C33. Complex ebstein anomaly in adult patient: a case report

Abstract

Abstract Background Ebstein’s anomaly is a rare form of congenital heart disease. In adult often present with arrhythmias, progressive cyanosis, and right heart failure. Management is complex and individualized. Case Summary A 24-year-old woman presented to the emergency room with heart failure presentation, palpitations and fainting. ECG examination shows abberant SVT with pulse, hemodinamically was stable with peripheral saturation 94% without oxygen supplementation.
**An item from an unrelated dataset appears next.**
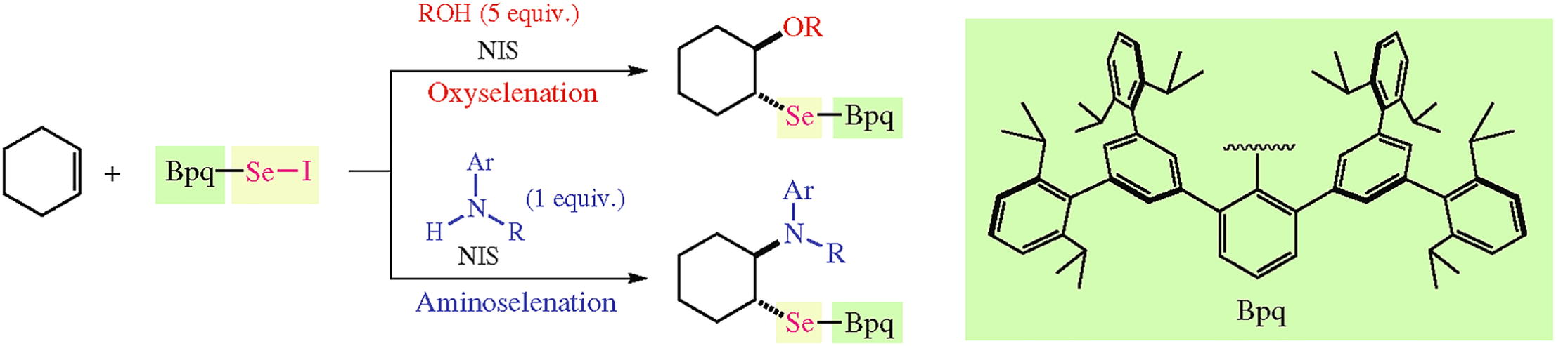 Application of an isolable selenenyl iodide BpqSeI (Bpq denotes 5',5'''-bis(2,6-diisopropylphenyl)-2,6,2'''',6''''-tetra-isopropyl-1,1':3',1'':3'',1''':3''',1''''-quinquephenyl-2''-yl) to selenofunctionalization of alkenes with external oxygen or nitrogen nucleophiles was investigated. In the presence of N-iodosuccinimide as an additive, alcohols, a carboxylic acid, or aromatic amines were smoothly introduced to alkenes to give the corresponding β-oxy or β-amino selenides in moderate to high yields.

The patient then carried out cardioversion and got anti-arrhythmia amiodarone. Resting ECG obtained sinus rhythm right axis deviation with incomplete LBBB (splintered QRS). Echocardiography examination revealed displacement of the tricuspid valve, a large atrialized component of the right ventricle, the anterior leaflet of the tricuspid valve moves freely with bidirectional shunt ASD and moderate pericardial effusion, confirmed for Ebstein's anomaly type B . Diuresis therapy was given and anti-arrhythmic therapy was continued. Echocardiographic evaluation showed reduced pericardial effusion to a minimum. Patients were scheduled for electrophysiological studies and angiographic evaluation and total corrections were planned. Discussion Ebstein anomaly is a characterized by abnormally formed and apically displaced leaflets of Tricuspid caused by is failure of proper delamination of the tricuspid valve, primarily of the septal and anterior leaflets from ventricular myocardium. The cardinal symptoms in Ebstein’s anomaly are cyanosis, right-sided heart failure, arrhythmias, and sudden cardiac death. Surgery is indicated in adults with symptoms of heart failure. Medical therapy is generally used only for temporary stabilization : diuretic therapy for volume overload, control of heart rhythm abnormalities, and standard medical therapy for left ventricular systolic dysfunction.